Unpack list of dictionaries in Python

Question

Question

According to this answer, in Python 3.5 or greater, it is possible to merge two dictionaries x and y by unpacking them:

z = {**x, **y}

Is it possible to unpack a variadic list of dictionaries? Something like

def merge(*dicts):
    return {***dicts} # this fails, of course. What should I use here?

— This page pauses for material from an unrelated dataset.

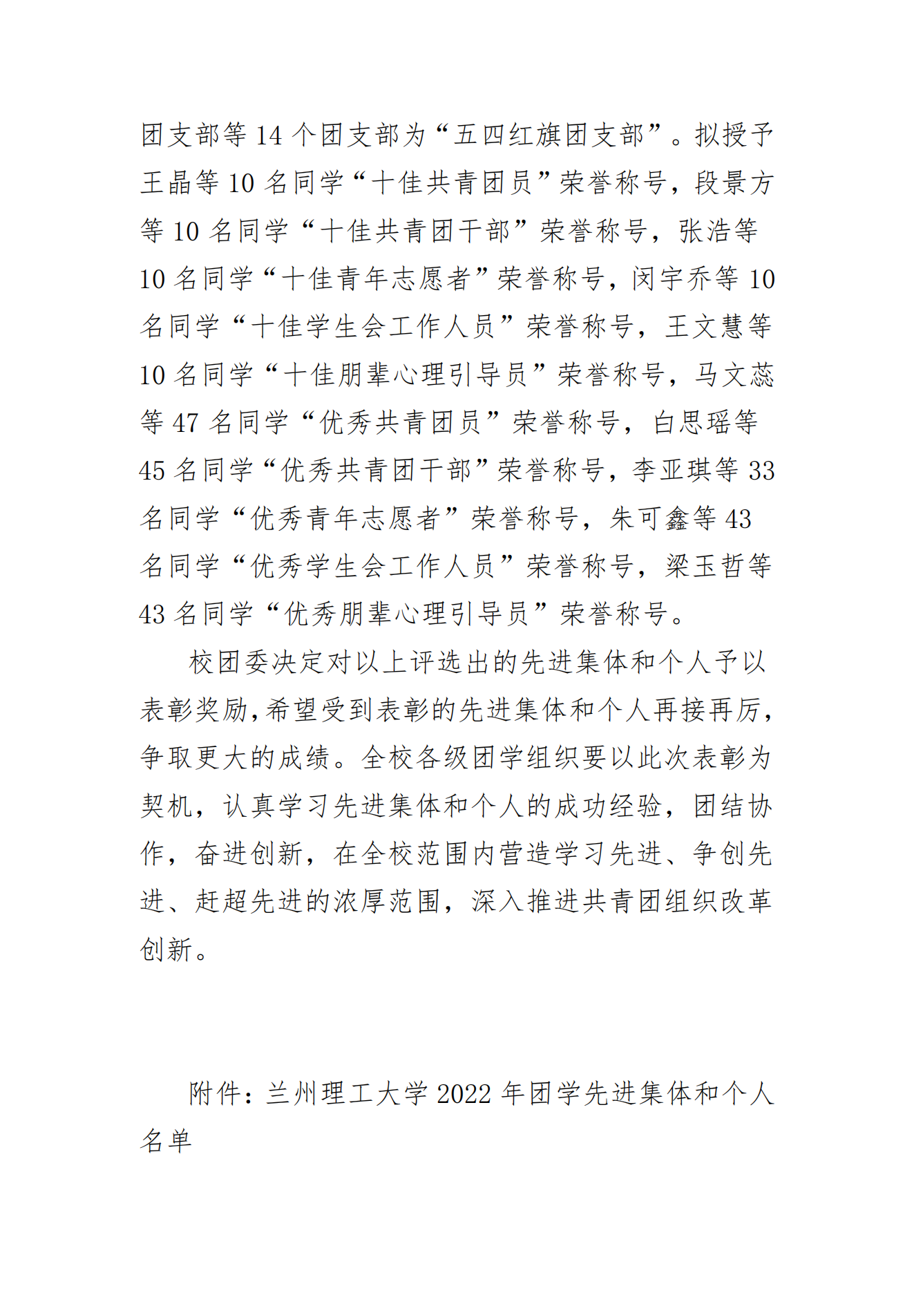 关于表彰suncitygroup太阳集团官方网站2022年团学先进集体和个人的通知

For instance, I would expect that

list_of_dicts = [{'a': 1, 'b': 2}, {'c': 3}, {'d': 4}]
{***list_of_dicts} == {'a': 1, 'b': 2, 'c': 3, 'd': 4}

Note that this question is not about how to merge lists of dictionaries since the link above provides an answer to this. The question here is: is it possible, and how, to unpack lists of dictionaries?

Edit

As stated in the comments, this question is very similar to this one. However, unpacking a list of dictionaries is different from simply merging them. Supposing that there was an operator *** designed to unpack lists of dictionaries, and given

def print_values(a, b, c, d):
    print('a =', a)
    print('b =', b)
    print('c =', c)
    print('d =', d)

list_of_dicts = [{'a': 1, 'b': 2}, {'c': 3}, {'d': 4}]

it would be possible to write

print_values(***list_of_dicts)

instead of

print_values(**merge(list_of_dicts))

Answer 1

Another solution is using collections.ChainMap

from collections import ChainMap

dict(ChainMap(*list_of_dicts[::-1]))

Out[88]: {'a': 1, 'b': 2, 'c': 3, 'd': 4}

Answer 2

There's no syntax for that, but you can use itertools.chain to concatenate the key/value tuples from each dict into a single stream that dict can consume.

from itertools import chain


def merge(*dicts):
    return dict(chain.from_iterable(d.items() for d in dicts))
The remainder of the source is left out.